Ce gêne, chargé de supprimer les tumeurs n’est pas le seul responsable des cancers héréditaires, il a aussi son grand frère BRCA1.

Les cancers héréditaires du cancer du sein ne sont pas courants et représentent actuellement 5% des femmes atteintes du cancer du sein. Nous sommes toutefois 32000 femmes aujourd’hui porteuses d’un de ces gênes nous condamnant à une prévention médicale rapprochée , anxiogène parfois, nous apprenant à gérer l’annonce éventuelle d’un cancer à chaque douleur ressentie dans les seins ou les ovaires, ce qui, dans mon cas, arrive à peu près tous les jours!

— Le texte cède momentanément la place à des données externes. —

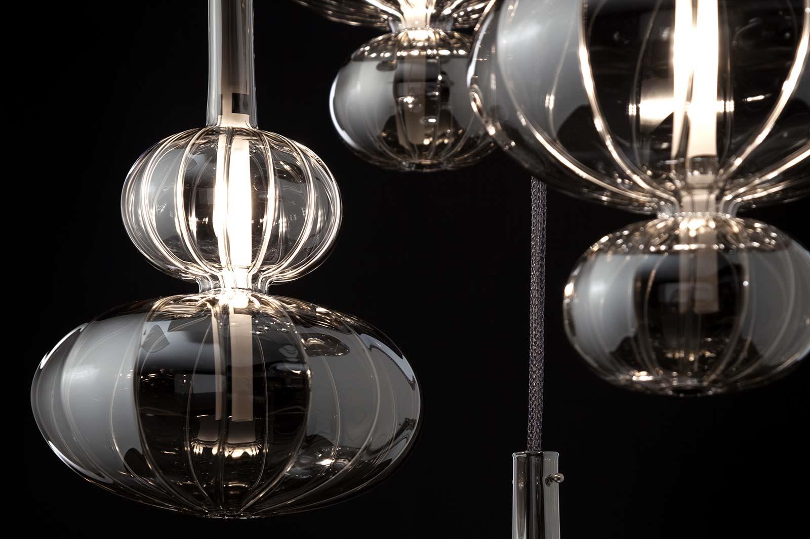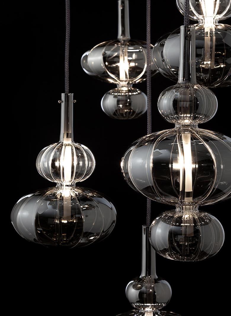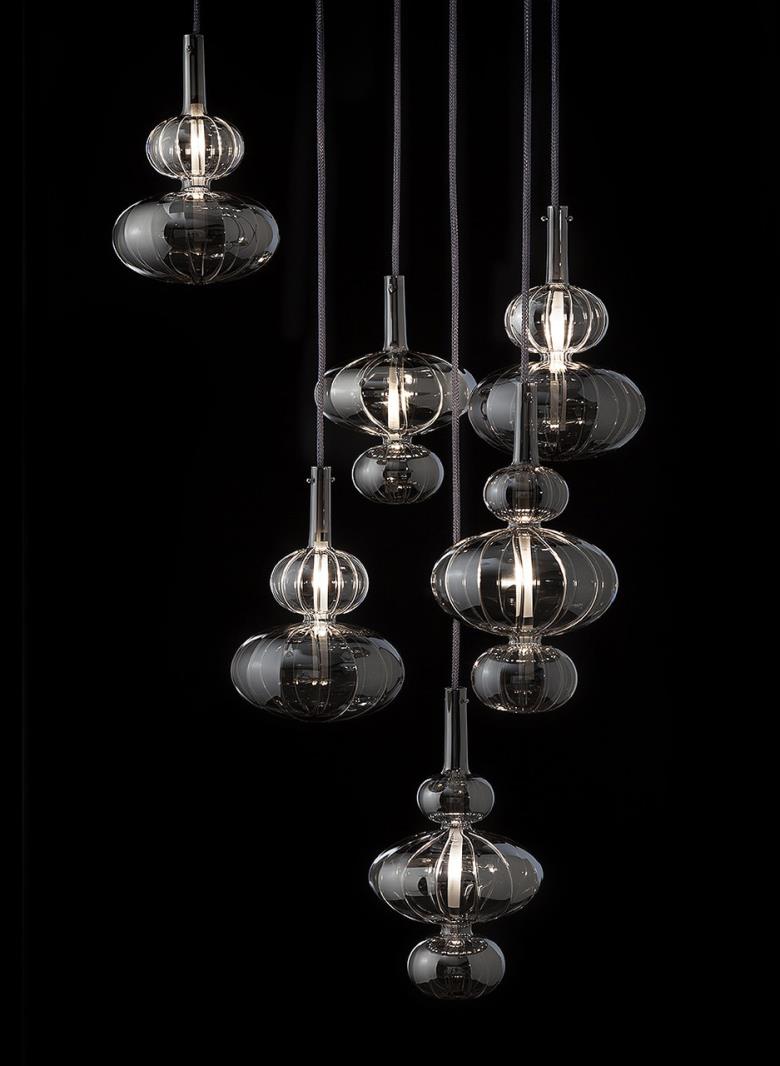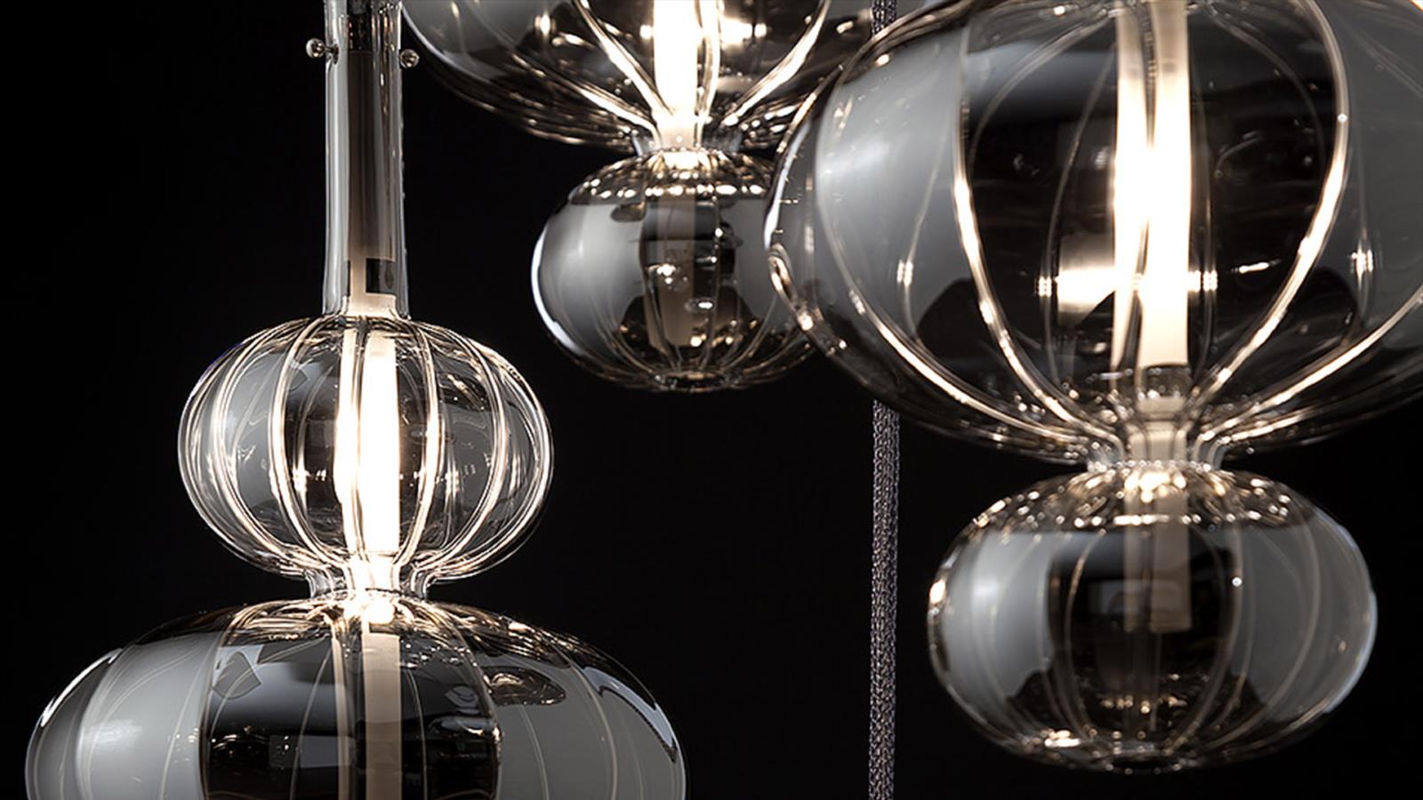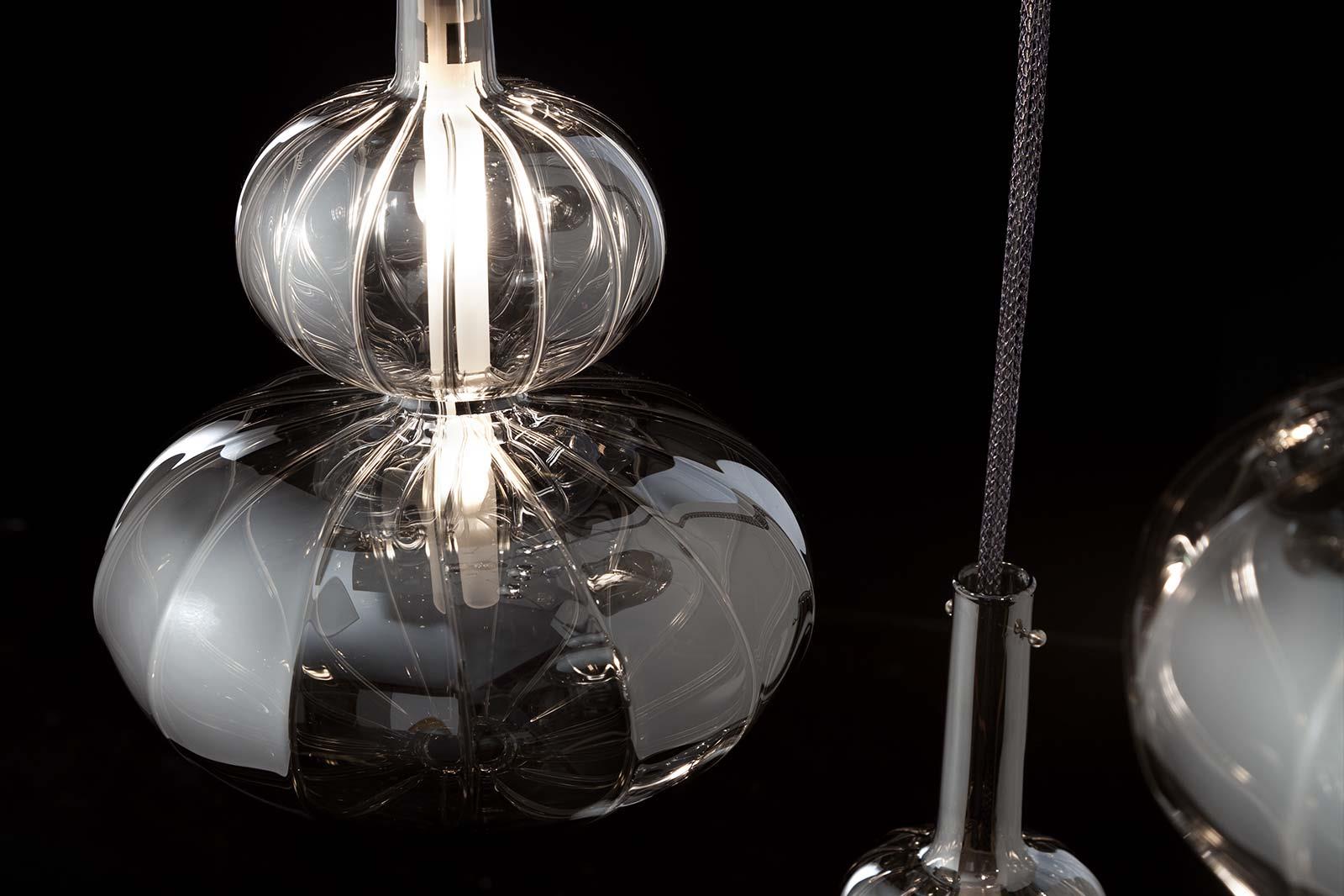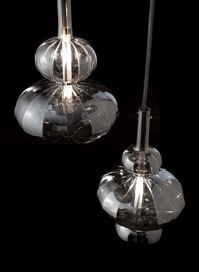 Clear, frosted or titanium metallized ruled blown glass pendant.
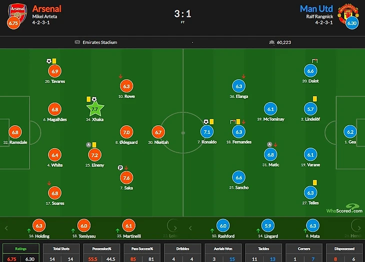 «МЮ» на выезде проиграл важнейший матч с «Арсеналом». Единственный гол за «красных дьяволов» забил Криштиану Роналду на 34й минуте встречи, но этого было не достаточно, чтобы ответить на голы Нуну, Сака и Джака.
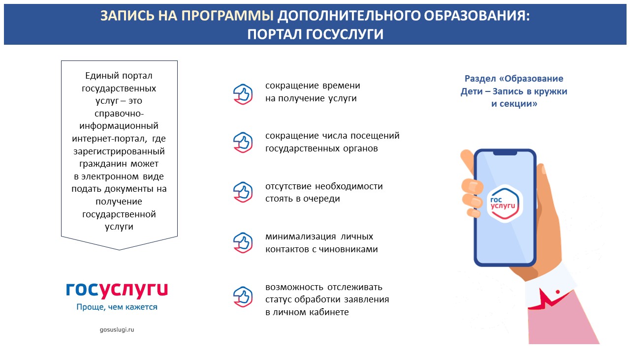 Преимущества получения услуги «Запись на обучение по дополнительной общеобразовательной программе» через ЕПГУ в том, что услугу можно получить быстрее, сократив временные затраты и число личных визитов, исключить необходимость предоставления документов, имеющихся в распоряжении государственных органов. Упустить что-то важное при заполнении анкеты невозможно: электронная форма включает в себя полный список документов, необходимых для получения услуги. Если в процессе заполнения вдруг появятся неотложные дела, портал можно смело закрыть - введенная ранее информация сохранится в черновиках, и в следующий раз вы продолжите работу с того места, где закончили.
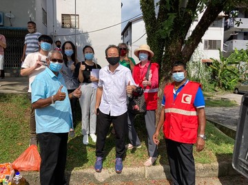 Here I had a chance to talk to Mr. Nelson Lim Thow Loon of Evergrown Technology Sdn Bhd. With his company shut down during the MCO period, he decided to launch a Food Aid Program to help people who had lost their jobs and were struggling. Nelson set up an NGO called the Evergrown Charity Program and you can get more details from their FB page. His motto is “We can do no great thing, only small thing with great love”. Here is Mr. Lim working alongside the MRC to help provide and distribute food goods.

En bref, si j’écoute mon corps, je deviens folle!

Les gènes mutés BRCA peuvent être le cadeau d’un héritage paternel ou maternel, à la seule différence est que le cancer du sein chez l’homme est plus rare.

Et là , je dis Bingo, j’ai fait deux filles! Mes filles ont donc 50 % de risque d’avoir hérité de cette mutation mais elles ne peuvent pas faire le dépistage avant leur majorité, cette décision doit rester un droit de savoir et non une obligation.

Je me dis souvent qu’elles ont également 50 % de chance de ne pas l’avoir mais que le chemin de cette discussion que je vais un jour avoir avec elles, va être long…

Si vous souhaitez plus de renseignements sur ces mutations génétiques , vous pouvez consulter ce dossier qui à le mérite de traiter la question au fil des pages de manière complète et vulgarisée.

 

 

 

 

 

 

Le club des bombasses

Tout est une question de point de vue, tout est dans la manière d’appréhender les choses. J’en suis persuadée, je suis une adepte de la résilience.

L’angle de vue, le positionnement, l’empathie permettent souvent de trouver la solution. Alors devant tout problème, je décortique…

La chirurgie prophylactique est une opération qui peut paraître barbare voire incompréhensible pour certaines personnes. Elle m’a de suite était présentée comme mutilante. Pourtant la signification du terme prophylactique  « qui préserve la santé de tout ce qui pourrait lui être nuisible » connote davantage de manière positive. La vérité est que c’est une opération lourde, qui consiste à pratiquer une double mastectomie préventive afin d’éviter de déclarer le cancer. Une ablation de ma poitrine saine.

La plupart des femmes choisissent la prévention, la surveillance plutôt que cet acte chirurgical pourtant destiné à faire passer le risque de déclarer un cancer du sein de 87 % à 3%, le poids du sacrifice que cette opération représente est souvent trop lourd.

 – « Je vais me faire opérer, j’ai décidé, je leur ai dit »

– « C’est pas Angélina Jolie qui à fait ça ?. »

– « Si si, c’est le même gêne, la même opération »

 – « Hey ma chérie, tu vas rentrer dans le club des bombasses comme Angélina« 

– j’éclate de rire…

Alors qu’à cet instant même où je confiais ma décision d’une voix tremblante et fragile à mon fidèle supporter, mon acolyte masculin me classait dans le club des bombasses !

Je ne le remercierai jamais assez de ce contrepied, de cette vision qu’il m’offrait.

Je ne vais rien perdre, je vais gagner, renverser la vapeur, déjouer les statistiques, continuer à avancer, recommencer à me projeter et surtout préparer mon discours, mon histoire lorsque je devrais affronter le moment de confier ce lourd fardeau, cet éventuel héritage empoisonné à mes filles. Je veux être un exemple, une possibilité, un choix…

Et puis rentrer dans le club des bombasses à presque 40 ans, c’est pas si mal!